Even before Israel’s creation in 1948, and again several years later, Israel’s founding father, David Ben-Gurion, called on the Jewish people and Israel to seek links of friendships with China and India. He called them the great civilizations of Asia and predicted that they would become the world’s leading powers. Ben-Gurion used the term “civilization” deliberately: he looked at long-term historical trends, not at immediate economic or other material interests, and this at a time when very few in the West believed that China or India would ever rise to great power status.14 The relations between China and Israel since 1949 are too complex and multifaceted to lend themselves to quick review. Economic, cultural, and personal relations are growing. Book translations, exhibitions, TV shows, and more than ten major universities with Jewish and Israeli study centers keep increasing the number of Chinese with knowledge of Israel and Judaism.

Looking toward the future of Sino–Jewish relations, “The sky is the limit,” as they say. And what is the sky? Most of what the Chinese want to learn from the Jews and Israel is utilitarian and short term, from water technologies to fighting terrorism, or at the most vulgar popular level, how to get rich quickly. On the other side, Jews and Israel are looking for business and market opportunities, like everybody else, but there is also a strong intellectual Jewish interest in China’s culture and history.

Both sides should reach higher and look further. The Chinese might want to reflect on the ethical and spiritual factors that allowed a people as small as the Jews to maintain its identity and exert its civilizational influence in the wider world. In contrast to China, the Jews were for a long time without “hard” power or a territorial base. In turn, the Jews could benefit from reflecting on a core concept of Chinese thought, the notion of change. As The Book of Changes (I Ching) and Laozi’s Daodejing show, change is permanent and inevitable. All phenomena are dynamic; all situations are continuously transformed. When life and history move in one direction, the movement will stop short before it reaches an extreme and swing back into the opposite direction. This notion of inevitable change still influences Chinese thought and policy.

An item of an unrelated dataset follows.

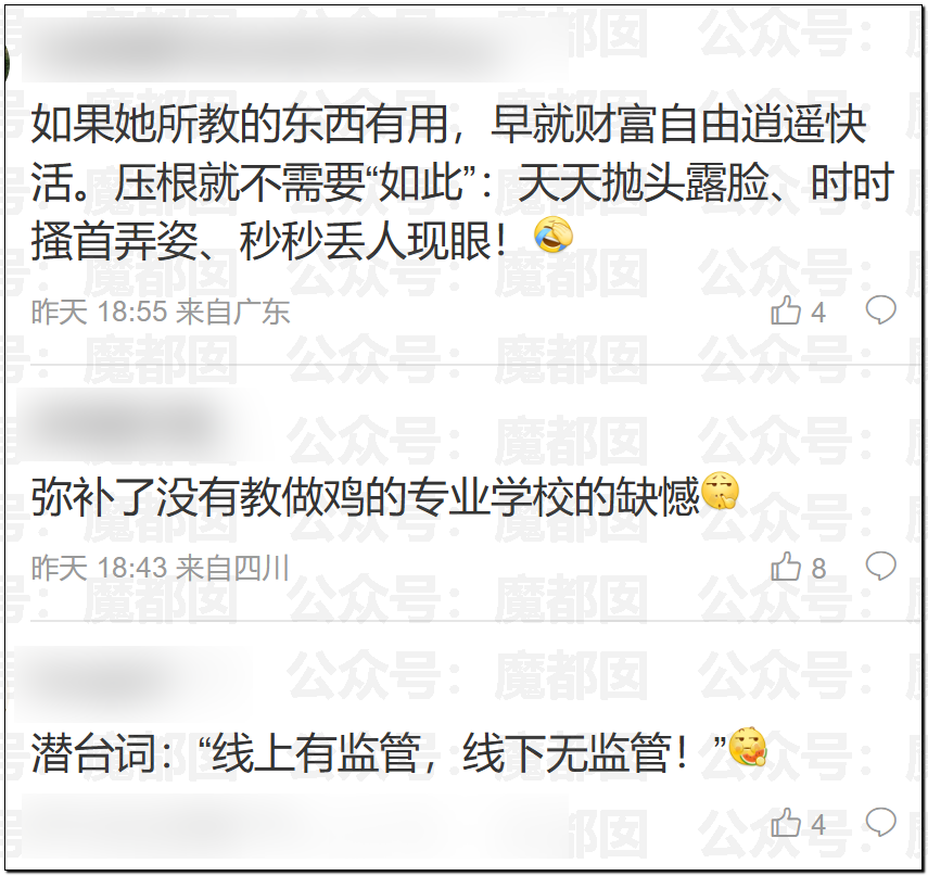最后说个标题上的事情,很多粉丝在问,我们看了一下,是真的难写,不是写不出,是尺度实在太大,我们一开始以为是那种类似“情感课程”之类的骗局,骗很多人来提升所谓的情商之类的,结果看了她的一些课程之后发现完全不是!

China’s old philosophy of history is cyclical. Dynasties rise and fall; they come and go. The universe has neither beginning nor end. In Jewish religious philosophy, in contrast, history moves forward in one direction— from a beginning to an end. Of course the Jews knew major changes, more than they asked for, which were often triggered by major catastrophes, but they were less inclined to see them as an inevitable part of life and history.

The Tension between Universalism and Particularism in Nonmissionary Religions—Parallels between Judaism and Confucianism

There is more that the Chinese and Jews could learn from each other’s history. Are there similarities in the historical fate of Judaism and Confucianism linked to their religions or philosophies? Whether Confucianism is a “religion” in the Western sense or a philosophy continues to be debated in the West, as well as in China. No simple answer is in sight, least of which is because the Chinese term for religion does not mean exactly the same as in the West. Suffice it to say here that Judaism and Confucianism are two nonmissionary belief systems accompanied by ethical precepts and practical rituals. The two beliefs do not try to convert the rest of the world to their own dogmas. During some periods, Jews as well as Chinese did try to force their beliefs on minorities (e.g., the Hasmonean/Maccabean King of Judea, John Hyrcanus, who reigned 134–104 BCE, conquered the Idumean tribe and converted it by force to Judaism). Rabbinic Judaism condemned him for this. Herodes (Herod), Roman-appointed King of Judea who ruled from 37–4 BCE, was Idumean. These were exceptions, not the rule. In contrast, Buddhism, Christianity, and Islam are global missionary religions that seek deliverance from suffering for all humans in the first case, and salvation through conversion in the other two cases. The defining characteristic of a nonmissionary religion or philosophy, at least in the two cultures addressed in this essay, is a strong degree of particularism. The Jews are the “chosen people”—chosen by God to be an ethical model. China is the “middle kingdom”—the most significant country and the center of the world. However, to be nonmissionary does not mean indifference to the rest of the world. There is a universalistic component in nonmissionary religions as well, and a concealed or open tension between particularism and universalism. The balance between universalistic and the dominant particularistic impulses is changing through history, often in response to external events.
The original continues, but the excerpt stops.